Most women and (we’re sure) some men on the internet have horror stories about the vast quantities of dong that parades through their private messages. Instagram, and its parent company Meta, are working on a tool that’ll prevent quite so many er… tools from turning up on the platform.
We’re not sure what it is about the male member (pun intended) of the species. Put some of them in the vicinity of a camera and they think that sharing grainy pictures of their schlong with everyone is okay. It isn’t. But that doesn’t seem to have stopped the sausage parade.
“Don’t be a dick.” – Instagram, probably
#Instagram is working on nudity protection for chats 👀
ℹ️ Technology on your device covers photos that may contain nudity in chats. Instagram CAN’T access photos. pic.twitter.com/iA4wO89DFd
— Alessandro Paluzzi (@alex193a) September 19, 2022
Instagram is working on a way to prevent unwanted nudes from showing up on the platform. It’s still early days, according to a statement sent to The Verge, but the days of drive-by dipstick distribution may be done.
The feature (and it absolutely is a feature) involves building a nudity detection system that operates on-device. This means Instagram doesn’t have access to private images sent on the platform. Meta seems hyper-aware of privacy at the moment. “We’re working closely with experts to ensure these new features preserve people’s privacy, while giving them control over the messages they receive,” said a Meta spokesperson.
But the early version of the function is a bit of a double-edged sword. When enabled, it’ll conceal images that contain nudity. It’s possible to see the image, but you’ll have to choose to do so. Or you could turn off the feature entirely, facing the internet completely unprotected.

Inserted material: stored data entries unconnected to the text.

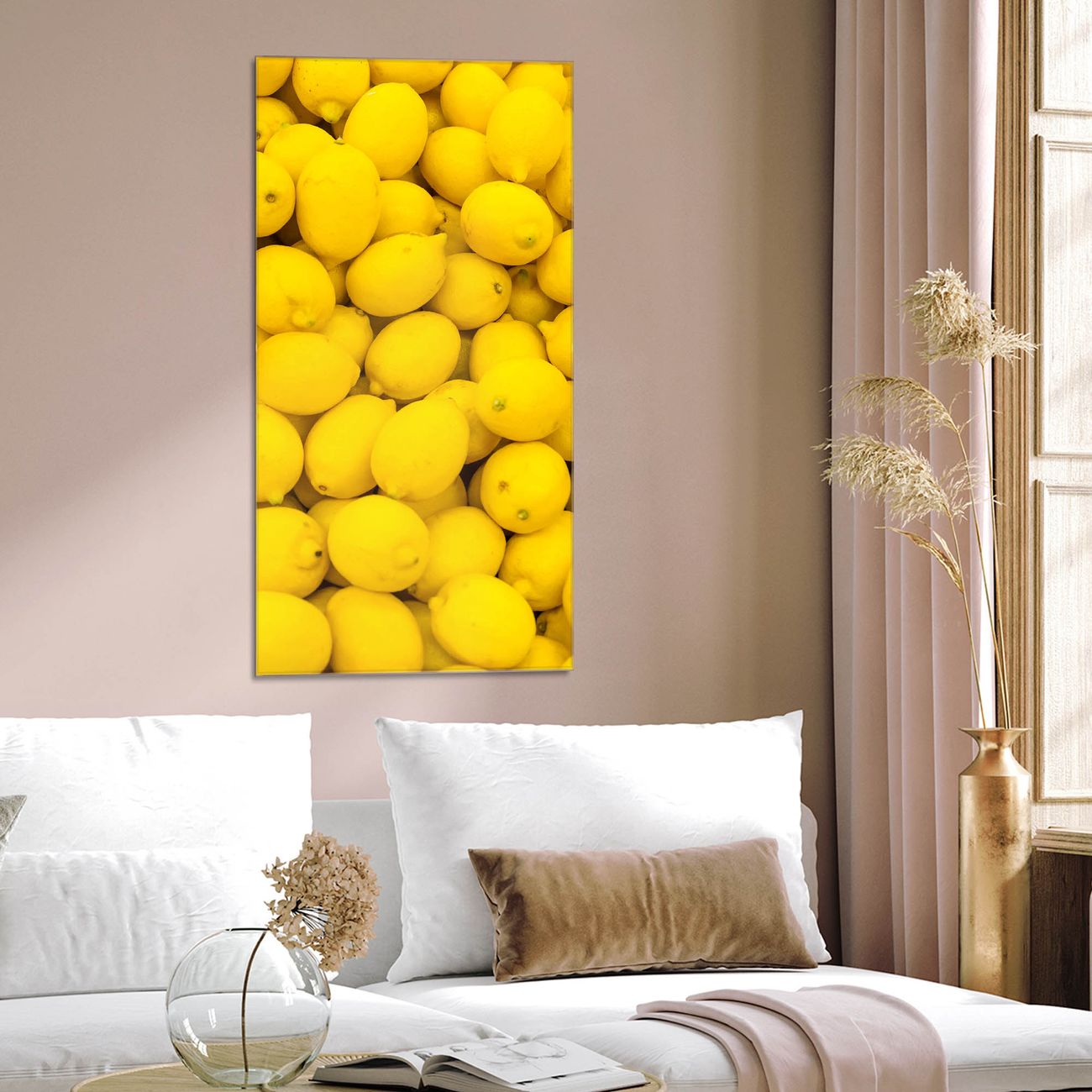 Unsere brillanten Glasbilder im Hochformat von banjado mit Motiv Zitronen sind der absolute Hingucker! Unsere Banjado Glasbilder sind sehr begehrt, weil sie top verarbeitet sind und sich ganz leicht montieren lassen. Schon mit wenigen Handgriffen hängen sie an der Wand und strahlen mit höchster brillianz. Durch die Ramenlose Herstellung schwebt das Echtglasbild förmlich an der Wand. Das Motiv erscheint besonders ausdrucksstark, hochwertig und ist hinter dem Echtglas geschützt.
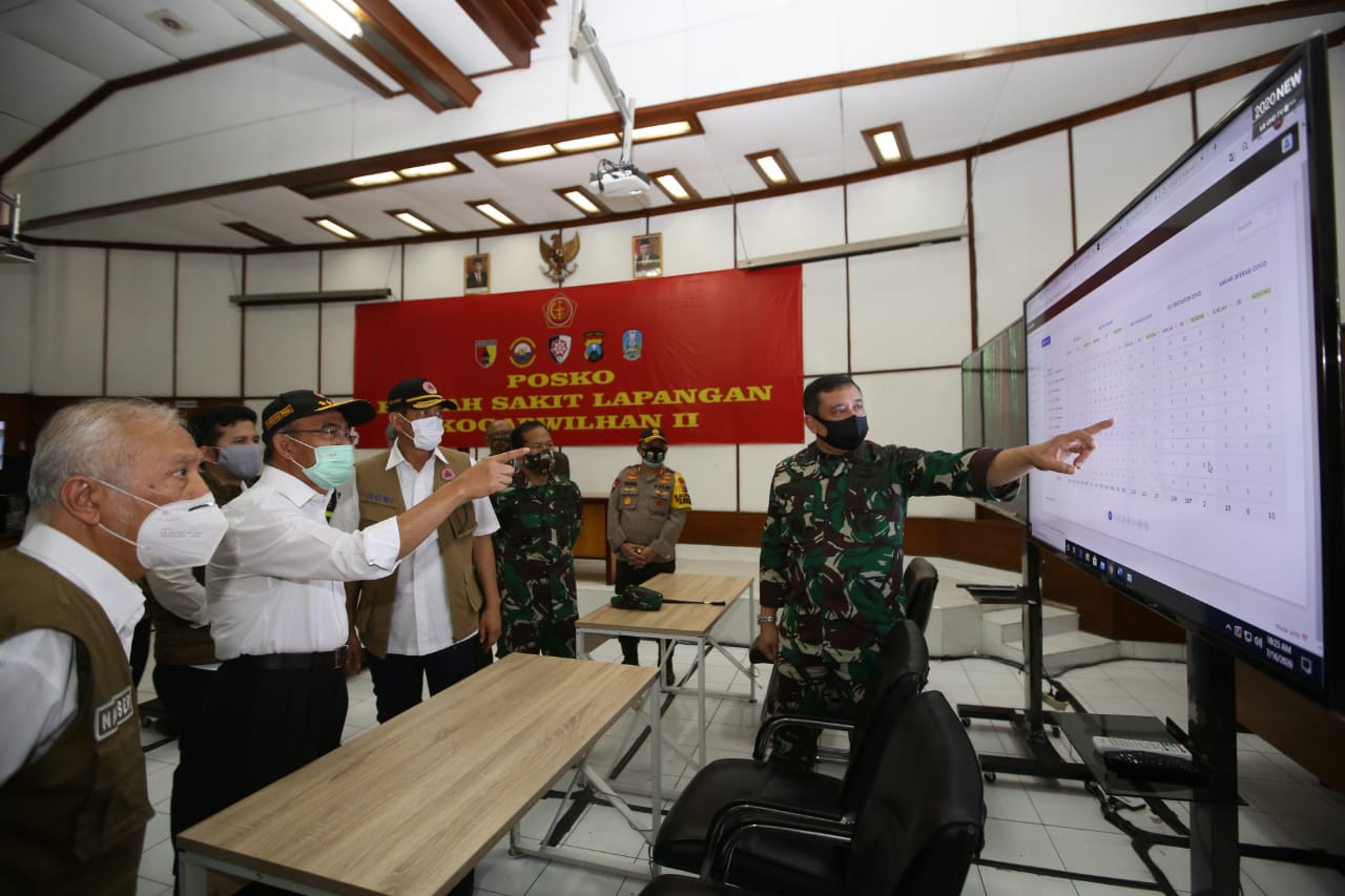 Sebelum melakukan rakor dengan Pangkopgabwilhan II, Menko PMK didampingi Ketua BNPB selaku Ketua Gugus Tugas Nasional Doni Monardo meninjau langsung ke lokasi mess keluarga di Balai Jasa Konstruksi Wilayah IV Kementerian PUPR, BPSDM, lanjut ke RS Lapangan Pangkogabwilhan III Surabaya.
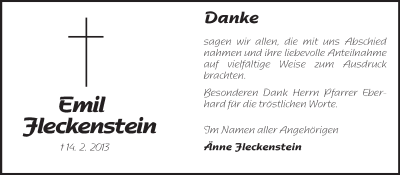 Hier finden Sie alle Traueranzeigen aus der Zeitung, die bisher für Emil Fleckenstein erschienen sind. Weitere Traueranzeigen, die in der Zeitung erscheinen, werden hier ebenfalls aufgelistet
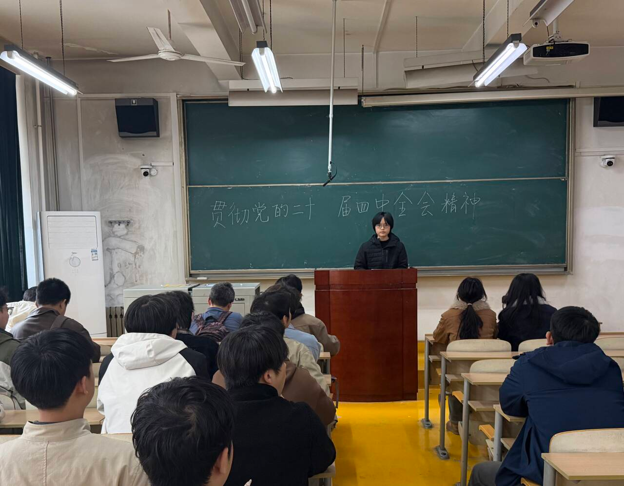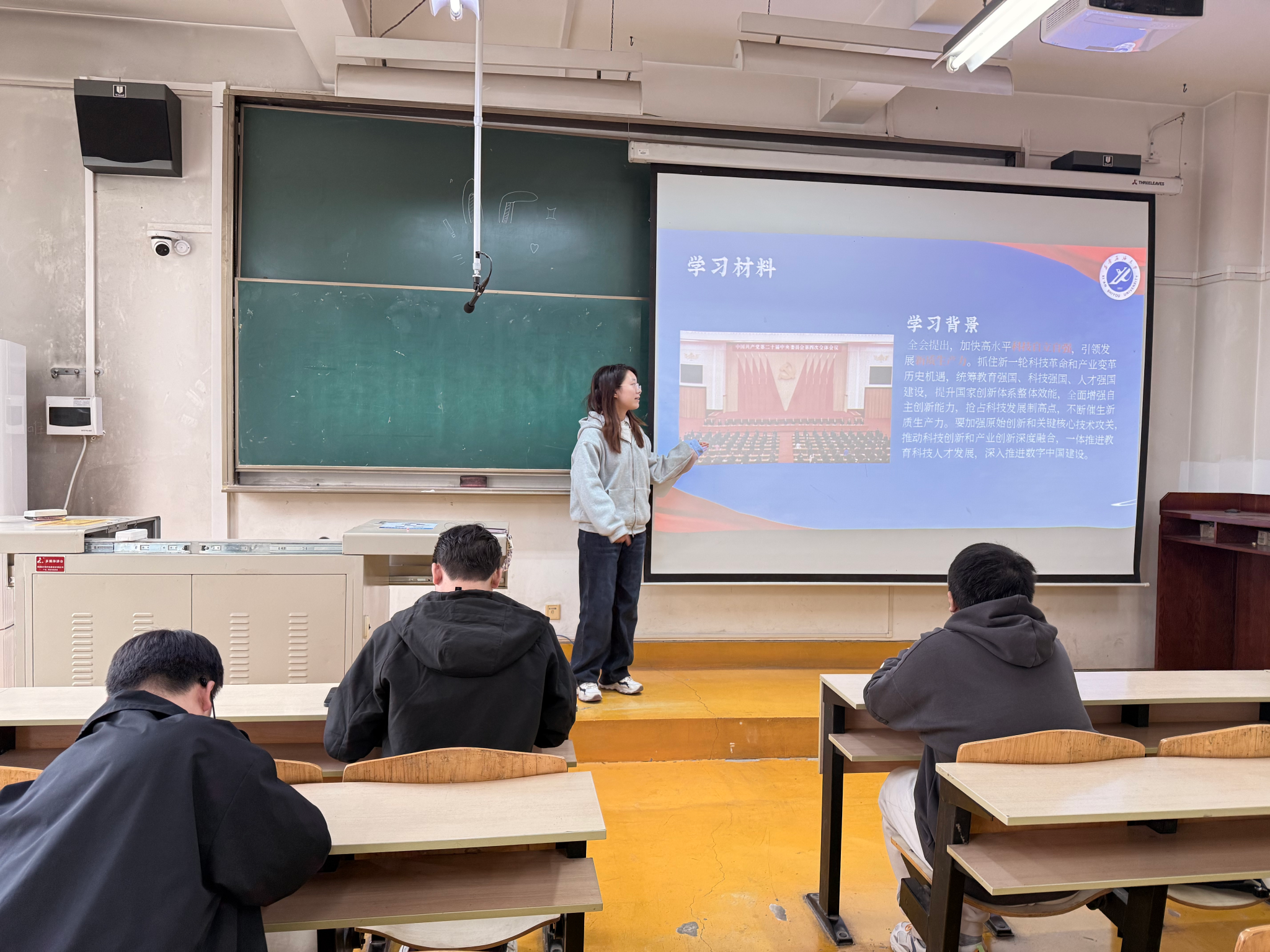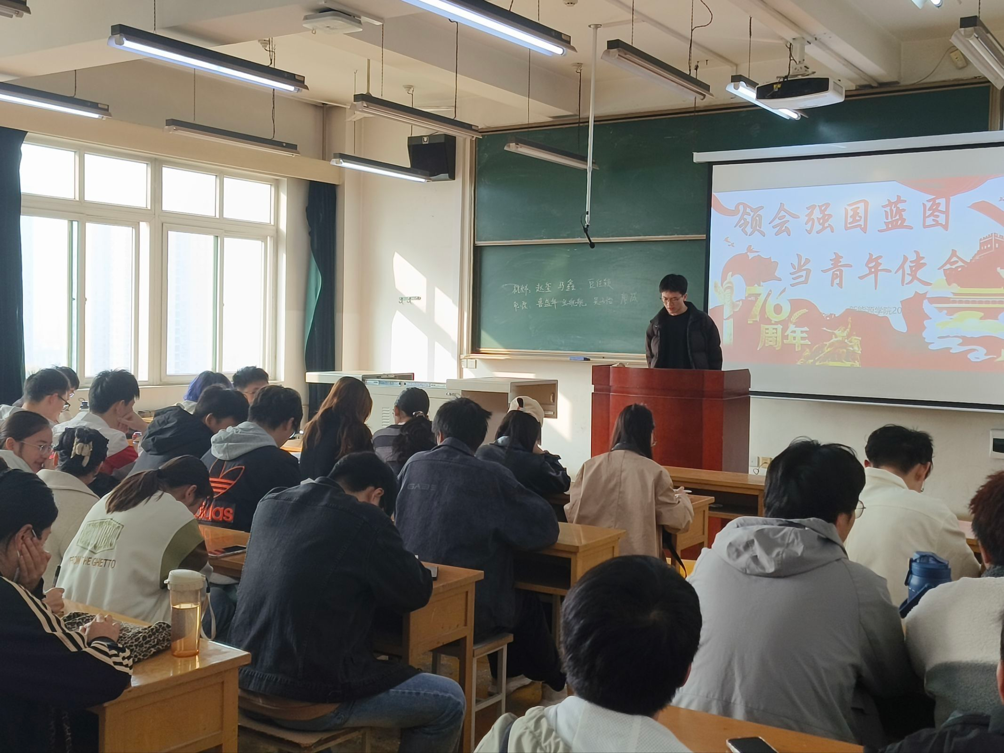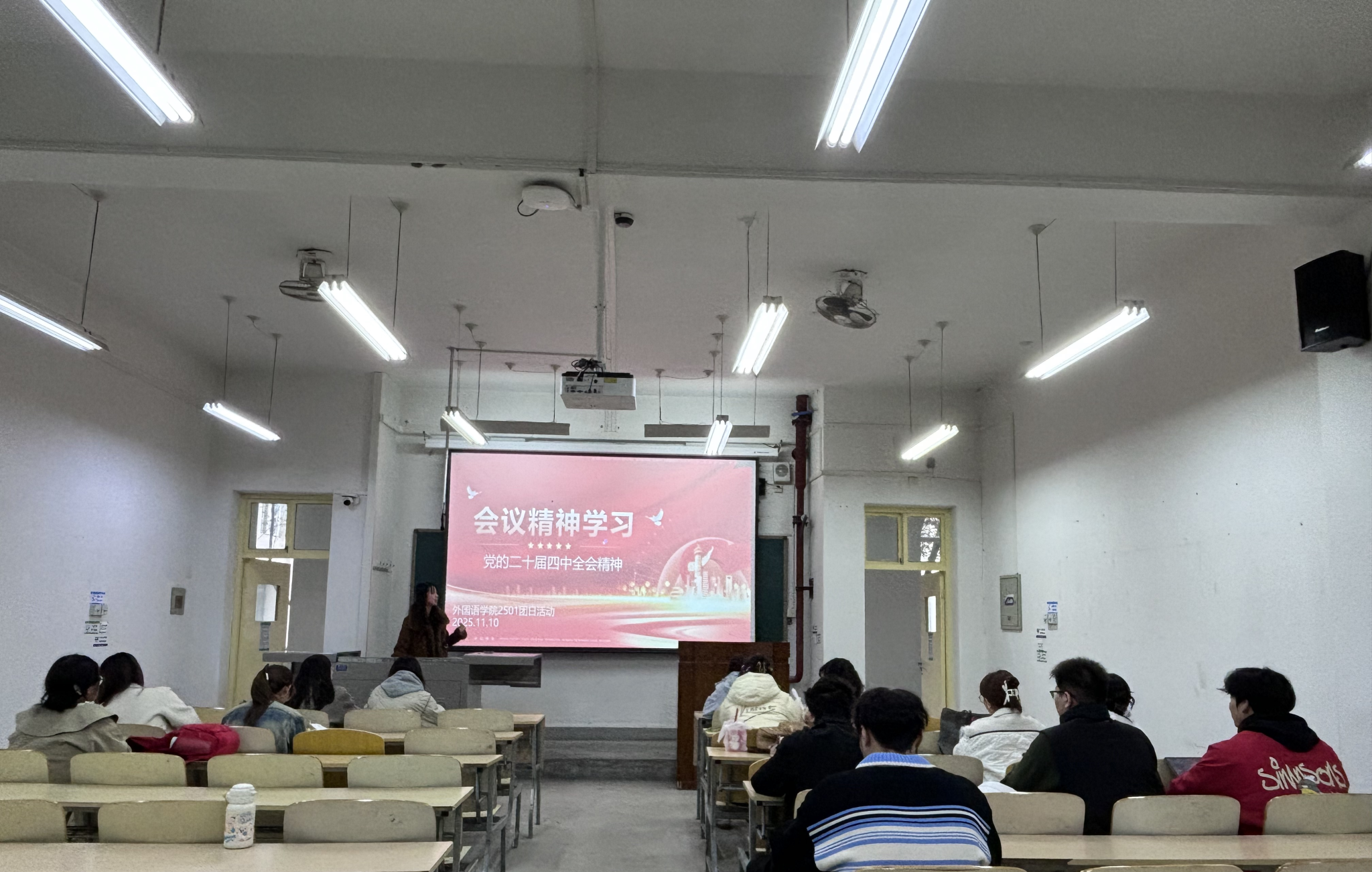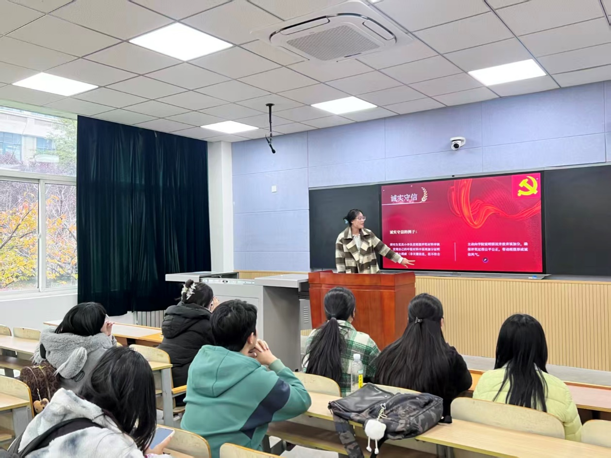 外國語學院召開“不忘初心、牢記使命”學習黨的二十屆四中全會精神主題團日活動。團支書通過PPT,從全會核心議程、“十五五”規劃部署及青年使命三個維度進行了系統解讀,并巧妙結合外語專業特色,指出在“網絡強國”“文化繁榮”等國家任務中,多語種服務、人工智能翻譯、跨文化傳播等領域是外語人的用武之地。在互動研討中,翻譯專業同學分享了在“中國典籍外譯”項目中如何更好地傳遞中國文化智慧的思考;學習委員則從“統籌發展和安全”角度,闡述了堅守“學術誠信”底線的重要性。活動有效引導同學們將國家大政方針與專業學習、學術研究緊密結合,深化了對外語人作為文化交流橋梁、學術安全守護者角色的認識,凝聚了“強國有我”的共識與擔當。

Which is how things work right now.
Instagram’s genital concealment system still has a way to go before it merges with this reality. The company said that it would have more to share once it goes into real-world testing. We’d expect that it won’t work perfectly. Image recognition isn’t an exact science. It’s possible to mistake one thing (an unwelcome johnson) for another thing (an unwelcome Johnson) from the right angle.